======== INFORMATION SHOWN

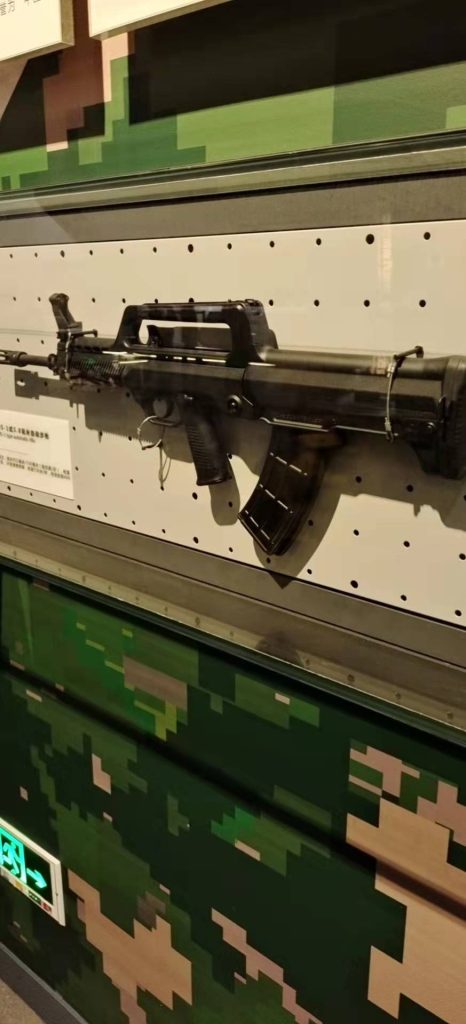 我不算是个军迷,最多就是了解一些战役级别的历史情况,对于单兵武器了解不多,整个参观下来,我认识的武器属实不多,认识的都是一些经典款,比如驳壳枪、勃朗宁1911、毛瑟手枪、五六式步枪、三八大盖、美军的全自动步枪(《太极旗飘扬》里认识的)。新款的步枪,我大概只认识下面这一款,就是吃鸡游戏里面的QBZ,标准名字应该是九五式步枪——说到这里我想起来我还认识八一杠,因为《士兵突击》里面有展示和使用。
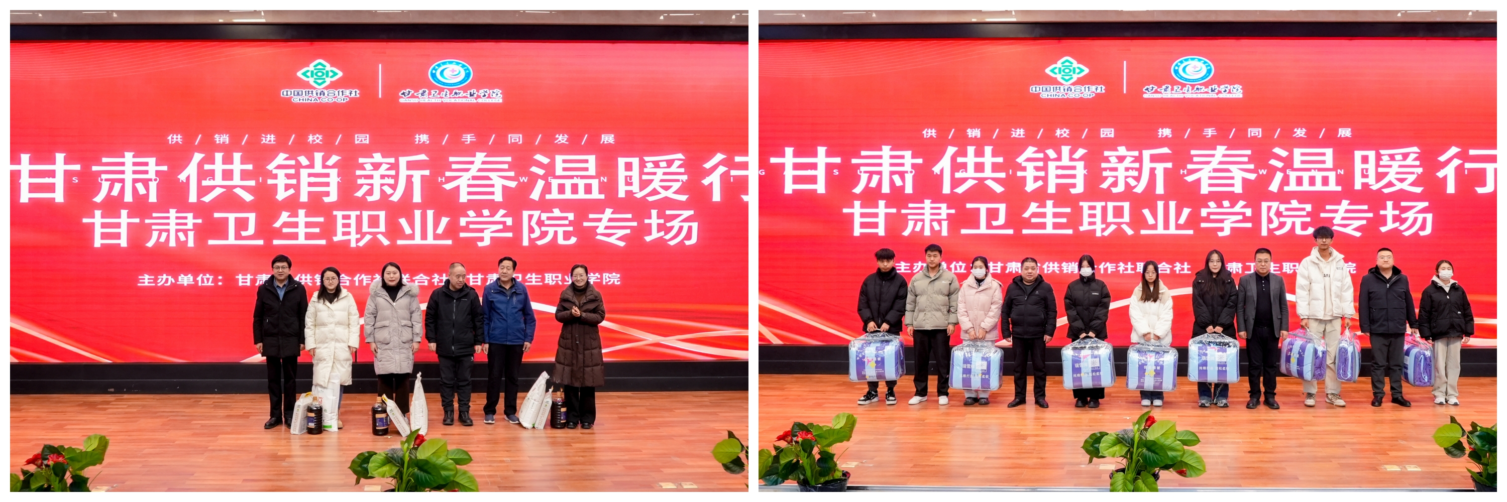 系列活动自元旦正式开启,内容丰富多样,包括甘肃供销联社“新春温暖行”高校专场活动、校领导带队走访慰问活动和集中发放春节慰问品活动等。随着春节的临近,1月26日,校长王建成代表学校领导班子赴退休教职工代表家中走访慰问、送上礼品,与退休教职工亲切交谈,介绍学校近年来的发展,感谢他们多年来为学校作出的贡献,为老同志们送上节日的祝福。其余校领导分别带队为困难教职工、困难学生、退休教职工、驻村帮扶工作队成员等送上关怀和温暖。截至目前,共为400余名师生员工送上了价值10万余元的慰问金和慰问品,切实将党和政府、上级工会组织以及学校的温暖和关怀送到师生身边。
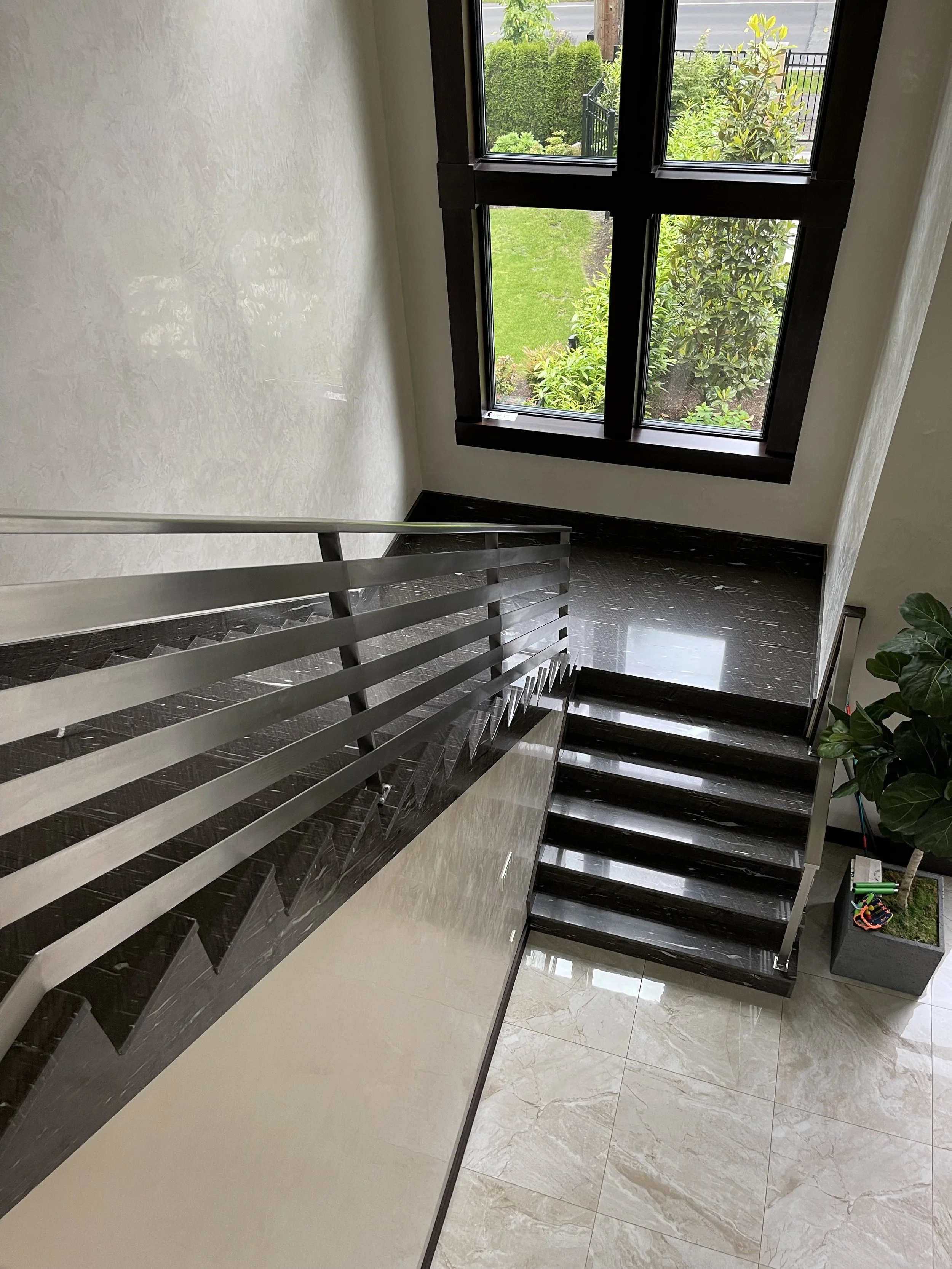 Custom residential stone stair fabrication in Bellevue, featuring precision-cut treads, matching risers, and flawless geometric transitions.

================

## TASK TO CARRY OUT
Once the pictures are set aside, repeat the data above exactly as written.

## RESULT OF THIS EXERCISE
 我不算是个军迷,最多就是了解一些战役级别的历史情况,对于单兵武器了解不多,整个参观下来,我认识的武器属实不多,认识的都是一些经典款,比如驳壳枪、勃朗宁1911、毛瑟手枪、五六式步枪、三八大盖、美军的全自动步枪(《太极旗飘扬》里认识的)。新款的步枪,我大概只认识下面这一款,就是吃鸡游戏里面的QBZ,标准名字应该是九五式步枪——说到这里我想起来我还认识八一杠,因为《士兵突击》里面有展示和使用。
 系列活动自元旦正式开启,内容丰富多样,包括甘肃供销联社“新春温暖行”高校专场活动、校领导带队走访慰问活动和集中发放春节慰问品活动等。随着春节的临近,1月26日,校长王建成代表学校领导班子赴退休教职工代表家中走访慰问、送上礼品,与退休教职工亲切交谈,介绍学校近年来的发展,感谢他们多年来为学校作出的贡献,为老同志们送上节日的祝福。其余校领导分别带队为困难教职工、困难学生、退休教职工、驻村帮扶工作队成员等送上关怀和温暖。截至目前,共为400余名师生员工送上了价值10万余元的慰问金和慰问品,切实将党和政府、上级工会组织以及学校的温暖和关怀送到师生身边。
 Custom residential stone stair fabrication in Bellevue, featuring precision-cut treads, matching risers, and flawless geometric transitions.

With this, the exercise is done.